I cannot help but feel that as national elections start to take place throughout Euroland, many of todays leaders are likely to be cast into the political wilderness, possibly forever. Signs of this process are already becoming apparent. France is at present midway in it’s two stage election process with the current President Nicolas Sarkozy facing an uphill struggle to retain his position. Internal political upheaval has caused the Dutch Prime Minister to tender his resignation to pave the way for early elections.The Czech Republic is also facing similar upheaval while in Greece, one Prime Minster has been forced to resign and his successor may well be forced out of office in turn by fast approaching national elections. Italy too has seen a change in national leadership in the wake of the Euro crisis. Whatever the outcome of future national elections, the noise of the approaching political tumbrel weaving its way through Euroland can be clearly heard.

One of the greatest dangers in elections is the temptation for national populaces to turn to more radical political parties in their frustration if not outright hostility to more middle of the road parties, something that leaves me with a dark sense of foreboding for the future. A feeling that within the next few years, the political map of Europe is about to be rewritten, not necessarily for the better.

I suspect that future historians when looking back on the current European period will created a descriptive term to encapsulate events already in the making. Terms like “The Dark Ages” or the “Wind of Change” in Africa have already been used.
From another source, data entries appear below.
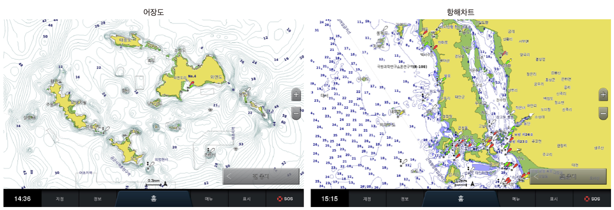 | 기본내장 | 베이스 맵 - 옵션 구매시 : 한국상세해도(어장도 지도 / 항해도 지도) |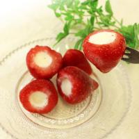 苺の中心をくりぬいて、その中にアイスクリームを搾り込みました。アイスクリームは、苺と相性のよい練乳味を強くし、さらに生クリームで仕上げたアイスです。いちごのやわらかい酸味とフレッシュ感が、濃厚なミルク味と溶け合って絶妙な味を醸し出します。1粒毎にピロー包装しています。※個包装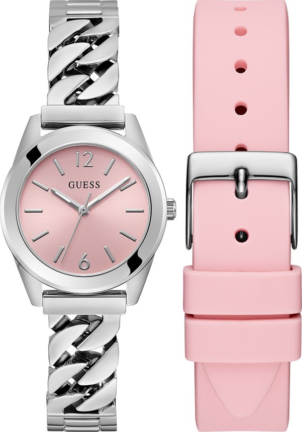 Phong cách nổi bật này có tất cả sự thanh lịch của một chuỗi vòng đeo tay với lợi ích bổ sung là xem giờ trong thiết kế đồng hồ độc đáo này với vành bezel trơn và mắt xích, hoàn chỉnh với các mắt xích g tự điều chỉnh. Vòng đeo tay bằng bạc của nó có thể thay thế bằng dây đeo silicon mịn màu hồng. Đường kính vỏ 32 mm. Màu vỏ Tông bạc. Hình dạng vỏ Tròn. Chất liệu vỏ Thép tái chế. Hoàn thiện vỏ được đánh bóng. Chiều rộng dây đeo / càng 16 mm. Dây đeo / Màu sắc Tông bạc. Chất liệu dây đeo Dây đeo có thể thay thế. Khả năng chống nước ở độ sâu 30 mét. Chiếc đồng hồ này chỉ phù hợp để rửa tay hoặc vô tình bị nước bắn vào. Không thích hợp để bơi lội hoặc lặn. Để duy trì khả năng chống nước, không nhấn bất kỳ nút nào khi đồng hồ bị ướt. Quartz Analog Một bộ máy thạch anh analog được cung cấp năng lượng bởi pin. Bộ máy thạch anh có độ chính xác cao, có khả năng giữ thời gian trong vòng mili giây mỗi ngày. Mineral Crystal Một loại kính cường lực làm từ silica có khả năng chịu nhiệt và chống trầy xước, mang lại khả năng hiển thị rõ ràng và độ bền chắc chắn hàng ngày. Màu mặt số Hồng. Mặt kính pha lê Mặt kính khoáng

Who knows what such a future descriptive term will be, or even if it will impart a sense of an optimistic or pessimistic period of time.
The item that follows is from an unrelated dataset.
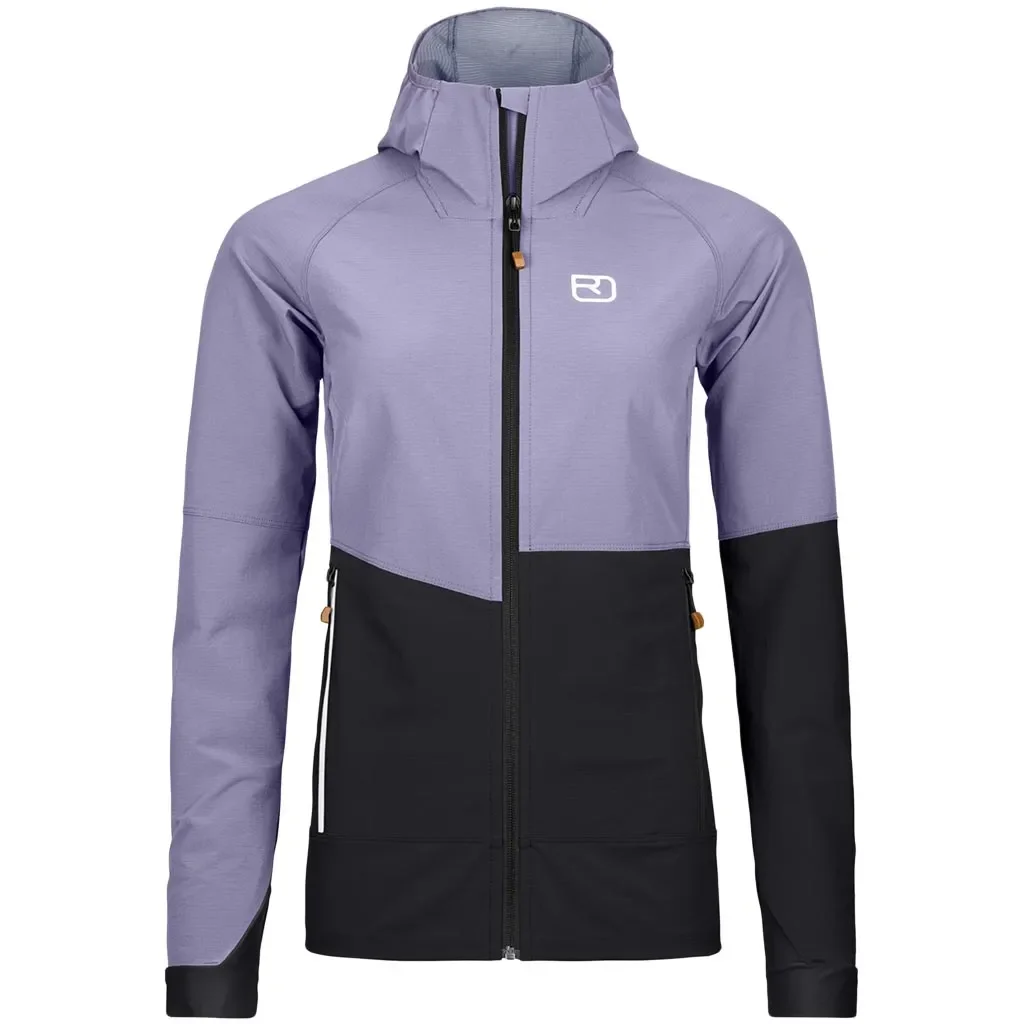 La Punta Berrino Hooded Jacket W d'Ortovox est une veste softshell légère et robuste, conçue pour les femmes pratiquant le ski de randonnée et recherchant une protection optimale lors de leurs ascensions et descentes.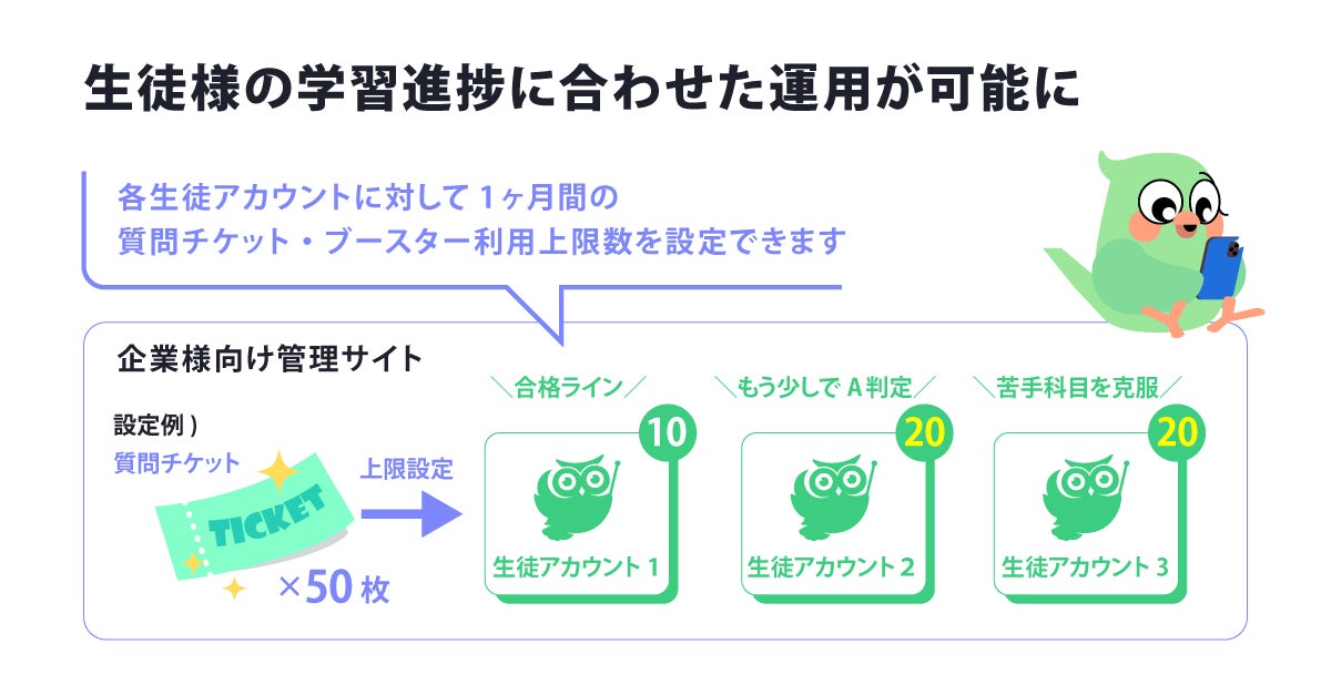 企業様が管理できる新機能として、生徒用アカウントごとに使用できる「質問チケット」や「おしおしブースター」の上限数を設定することが可能になりました。これにより、各生徒の学習進捗に応じた最適なサポートが提供できるだけでなく、利用バランスを保つことができます。柔軟な設定で、学校や塾の運営方針に合わせたカスタマイズが可能です。

The Euro crisis like the tumbrel rumbles on

For the past few months, I like so many others have watched the so far futile efforts of European leaders attempting to prop-up European economies with vast sums of borrowed money, our money, which in turn can only lead to even greater debt for someone, somewhere. First the Greek financial crisis followed by the Italian one, both of which led to loss of political heads, both being replaced by technocratic leaders. I strongly suspect more political heads will roll, but the Euro crisis is like the mythological many-headed Hydra, as one head is cut off, it is immediately replaced by another. Like the Hydra, the Euro crisis remains alive and kicking no matter how many political heads are removed.
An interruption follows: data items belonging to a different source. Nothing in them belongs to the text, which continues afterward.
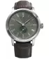 Hodinky Orient Star RE-BS0001E00B představují elegantní model z řady Contemporary M45, který kombinuje klasický vzhled s moderními detaily a precizním japonským zpracováním. Dominantou je výrazný zelený ciferník se zrnitou (granulární) texturou, která vytváří zajímavou hru světla a dodává hodinkám hloubku i originalitu. Design doplňují aplikované římské číslice, listové ručky a subciferník malé vteřinové ručky, díky čemuž působí velmi sofistikovaně.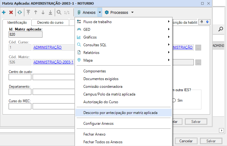 Para abrir a nova aba dentro da matriz aplicada siga em; Anexos – Desconto por antecipação por matriz aplicada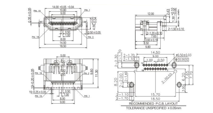 HDMI AF FEMALE 正向沉板DIP H2.43mm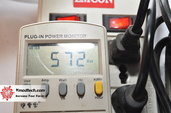อัตราการบริโภคไฟก็ถือว่าไม่มากเกินในสถานะเดิมๆกินไฟที่ 472วัตต์ ส่วนสถานะโอเวอร์คล๊อกเพิ่มไฟแม้จะอัดกันแบบเต็มๆแล้วก็ตามกินไฟแค่ 572วัตต์ ในการเทส Furmark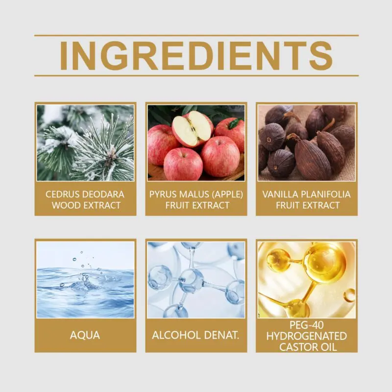 Cedar Men’s Perfume features a woody aroma with fresh cedar notes and subtle apple fruit accents. Formulated with denatured ethanol and PEG-40 hydrogenated castor oil for a soft, elegant scent. Apply by spraying on wrists, neck, and behind ears. For even distribution, mist into air and walk through. Maintains fragrance integrity throughout daily wear.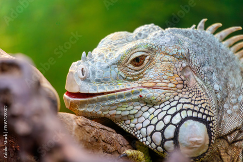 Fototapeta premium A lizard is laying on a rock with its mouth open

The past week has seen the latest attempt to save this already mortally wounded beast with all Euro leaders except the UK succumbing to German/Franco pressure to allow Brussels bureaucrats to decide by as yet undefined rules, how much these supposedly sovereign states will be allowed to run their own economies. I find it very strange that the leaders of so many countries are prepared to sign up to an accord where outside general principles, the rules of the game have yet to be written.

It is indicative of just how economically alarmed some of these states appear to be. Many are not major players in either world or Euro leagues, similarly some have ever-increasing debt mountains they simply are unable to control. Surrendering this financial aspect of their sovereignty in the form of an accord without even a whimper, seems to me, that many are paving the way for the political hand-washing excuses that will follow the inevitable draconian cuts likely to be imposed on their populace’s. Don’t blame us, its Brussels that is cutting your standards of living.

I would not be at all surprised if by now, many Euro counties must be privately ruing the day they signed up to the single Euro currency.

The most important thing that appears to have been overlooked in all these grandiose conferences is the people themselves. It does seem to me, the question the average person in the street must be asking themselves by now, is how much longer are they expected to go on paying for other people’s mistakes? All I can see coming from this Euro-tinkering is the creation of a hot-bed of civil unrest which nobody wants.

The only thing that can be reasonably foreseen is the rumbling of the political tumbrel through the streets of Euroland as an economic Madame Guillotine removes one political head after another.

Whether the Euro as a currency or even the European Union itself survives the stormy waters ahead only fortune tellers can guess at. I do know that future historians will look back at this time in hindsight, dissecting events and wondering how anyone ever got themselves into such a mess. No future lessons will be learned, even when cause and effect are fully analysed and understood. A future generation of as yet unborn politicians will be there with the insatiable urge to dabble.